Bugün 17 Ağustos Marmara Depremi'nin yıl dönümü. Bu büyük felaketi yaşayanlar için hatıralar hala taze. O karanlık gecede, binlerce insanı kaybettik, şehirler yerle bir oldu. Bugün yine olası bir büyük depreme ne kadar hazır olduğumuzu sorguluyoruz. Geçmişten ders almadıysak, aynı acıları tekrar yaşamak an meselesi.

Deprem öncesinde ve sonrasında yapılan çalışmalara baktığımızda, hâlâ büyük eksikler olduğunu görüyoruz. Aradan geçen yıllara rağmen, deprem bilinci topluma yeterince aşılanmamış durumda. Evet, binalar yenilendi, kentsel dönüşüm projeleri hayata geçirildi ama bu gerçekten yeterli mi? Yıkılanın yerine aynı yanlışları koymakla bir yere varamayız. Bu durumu en iyi anlatan örneklerden biri, yan yana duran Tavşancıl ve Körfez ilçelerinin yaşadığı farklı kaderlerdir.

17 Ağustos depreminde Tavşancıl'da bir tuğla bile yerinden oynamazken, Körfez'de binalar yerle bir oldu.

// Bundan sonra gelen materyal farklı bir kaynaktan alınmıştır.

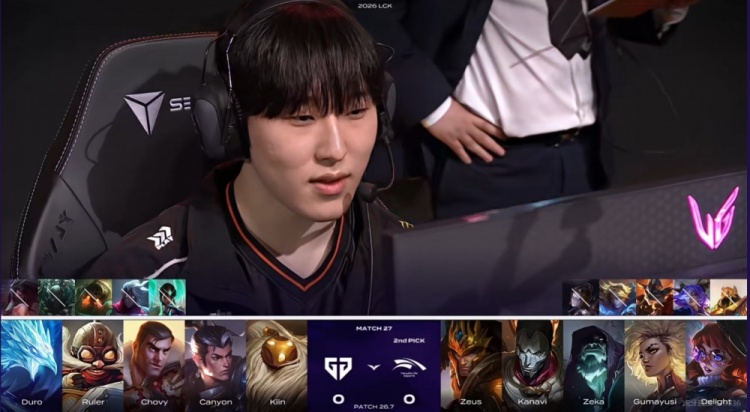 GEN:上单Kiin,打野Canyon,中路Chovy,下路Ruler,辅助Duro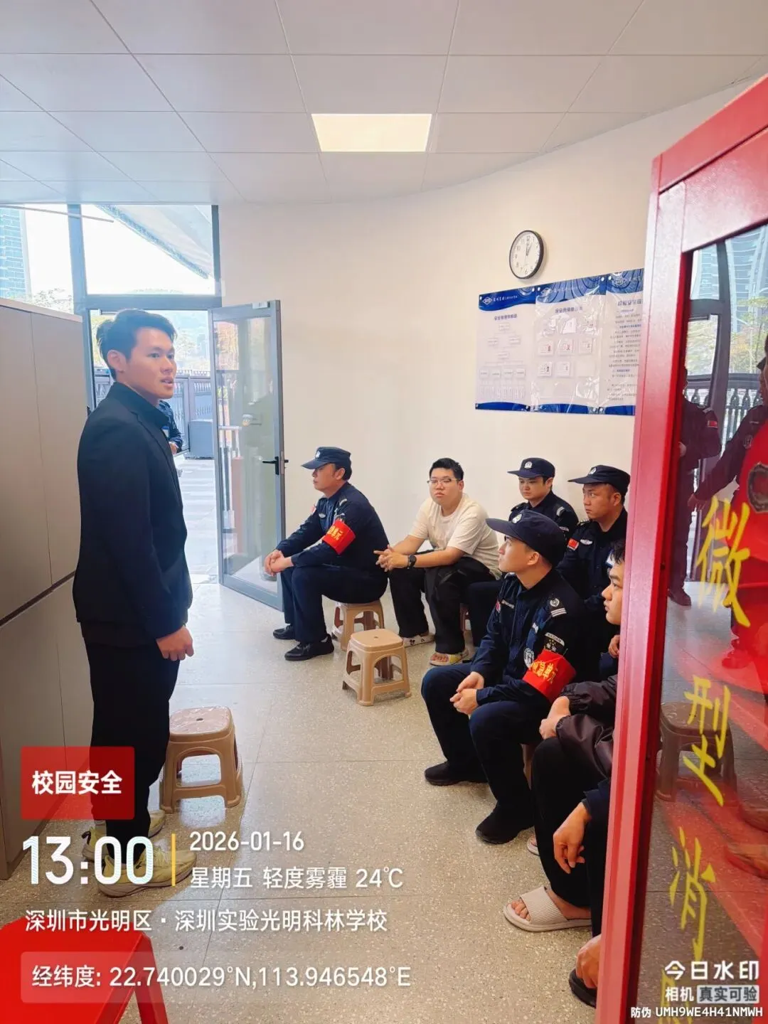 2026年1月16日,我校安全办召集安保队伍召开期末工作提醒会议,小结本学期安保工作,动员部署假期前安全保障工作。明确“守好门、净环境、树形象”工作要求,兼顾校园安全守护与家校服务质量,压实安保工作责任。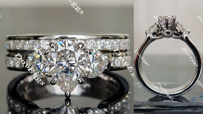 The center stone of picture is 2ct(6*9mm) GHI color Pear H&A Cut moissanite. Side stone: 2 pieces of 0.5ct(5mm) heart H&A moissanite. Ring setting is 10k white gold.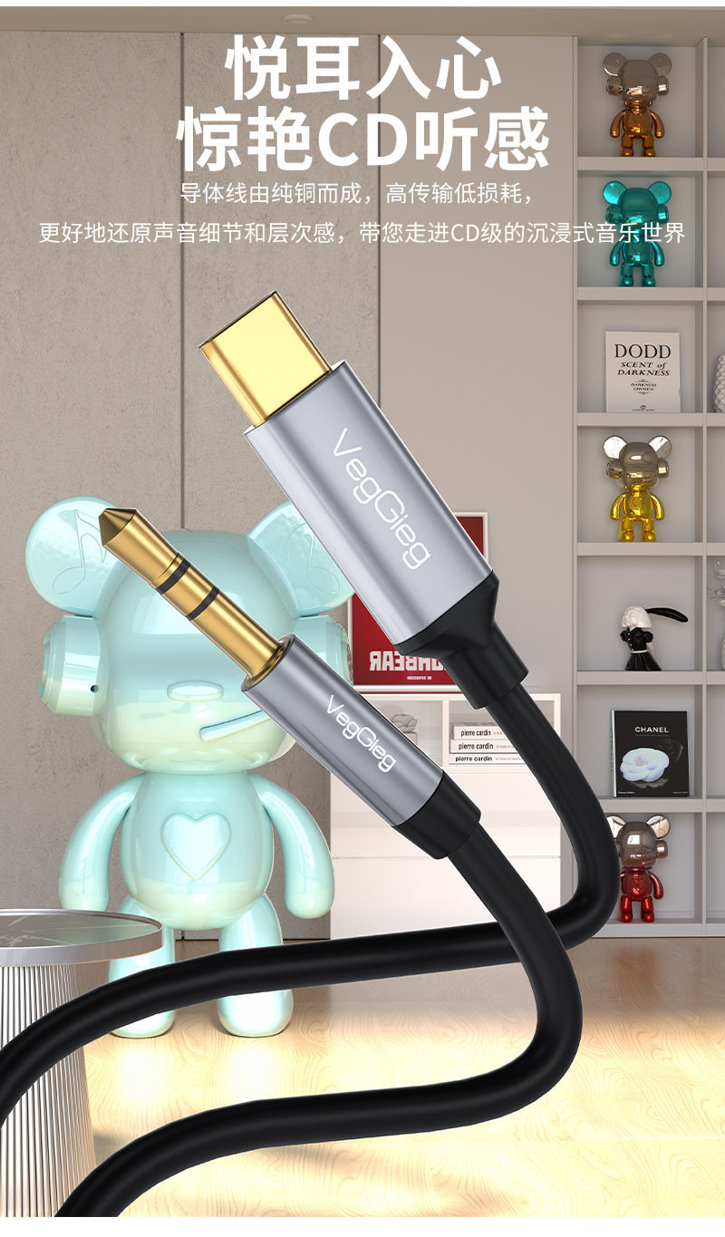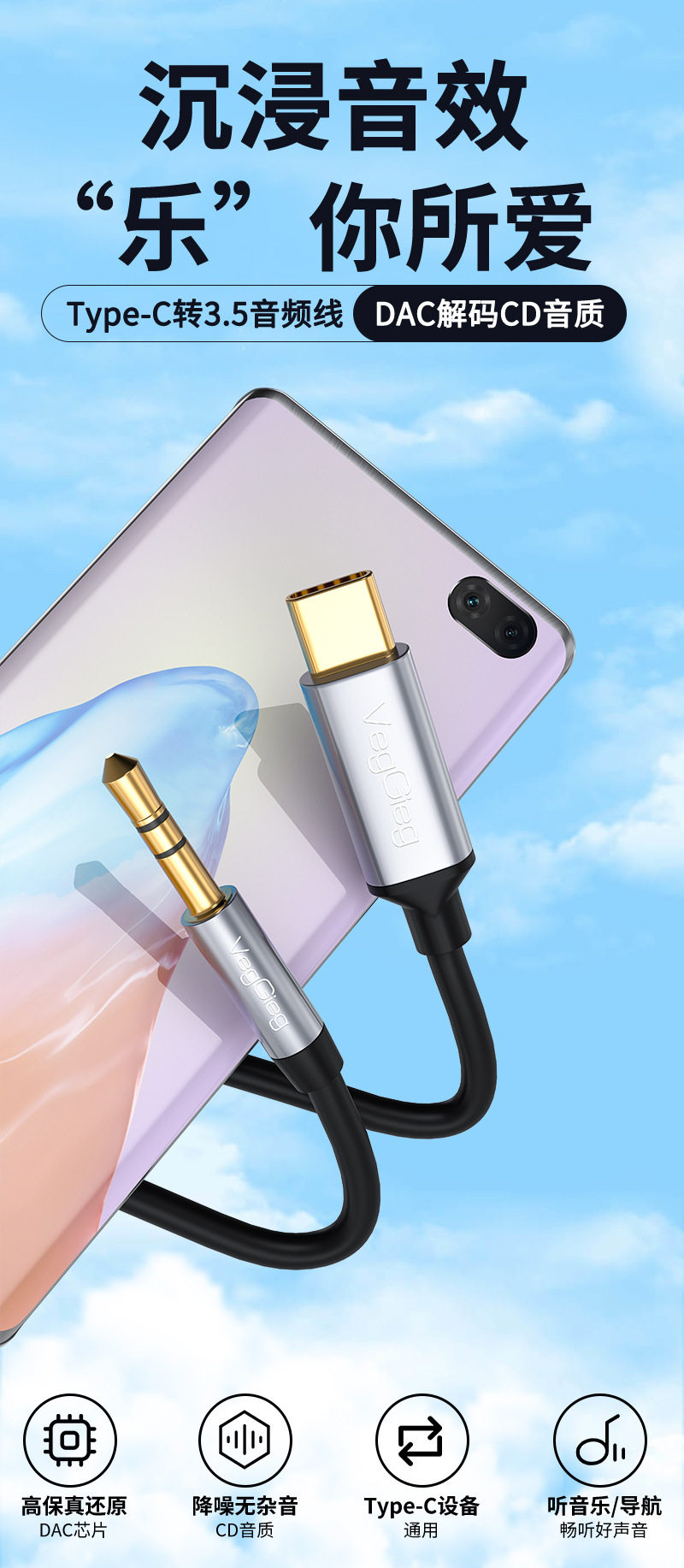 Weige Type-C to 3.5 Audio Line Mobile Phone to Car Speaker Car Lossless Sound Quality AUX Interface Adapter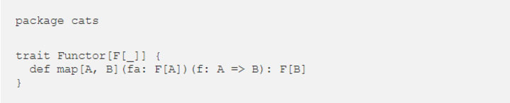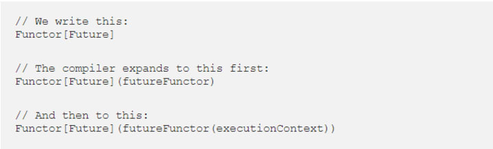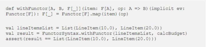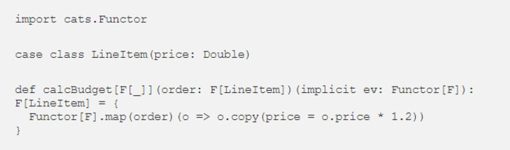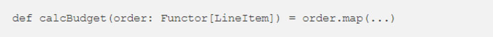 This concept is implemented using implicit classes and allows us to write order.map(...) instead of Functor[F].map(order)(...). We can also drop the implicit parameter by specifying that type F[_] is a Functor: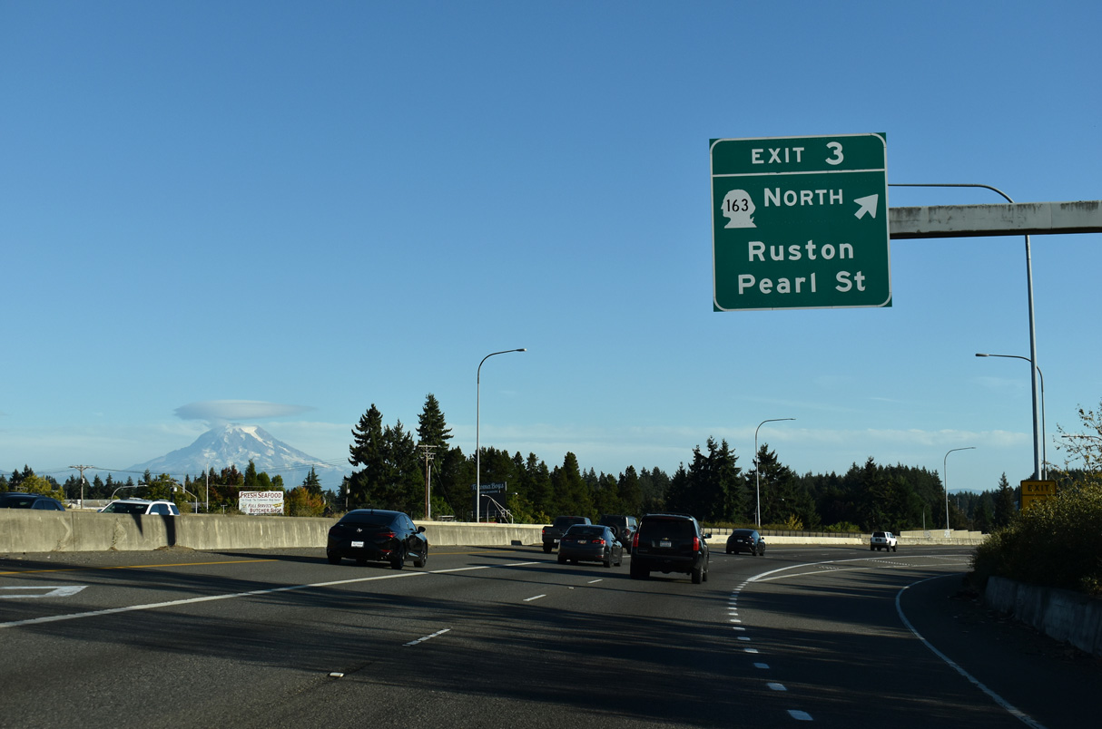 SR 163 (Pearl Street) commences northbound from SR 16 at Exit 3. SR 163 travels 3.37 miles to the WSDOT Ferry Point Defiance Terminal.

Peki, neden? Tavşancıl'da o dönem belediye başkanı olan Salih Gün, bilim insanlarıyla birlikte çalışarak zemin etütleri yaptırdı ve binaların yüksekliğini 2,5 katla sınırlandırdı. Bu karar, yüzlerce insanın hayatını kurtardı. Ama maalesef bu gibi örnekler, nadir bulunur hale geldi. Depremden sağ çıkan Tavşancıl'ın başarısı, doğru planlama ve bilimsel çalışmaların gücünü gösteriyor. Ancak ülke genelinde bu kadar titiz çalışmalar yapılmadığı ortada.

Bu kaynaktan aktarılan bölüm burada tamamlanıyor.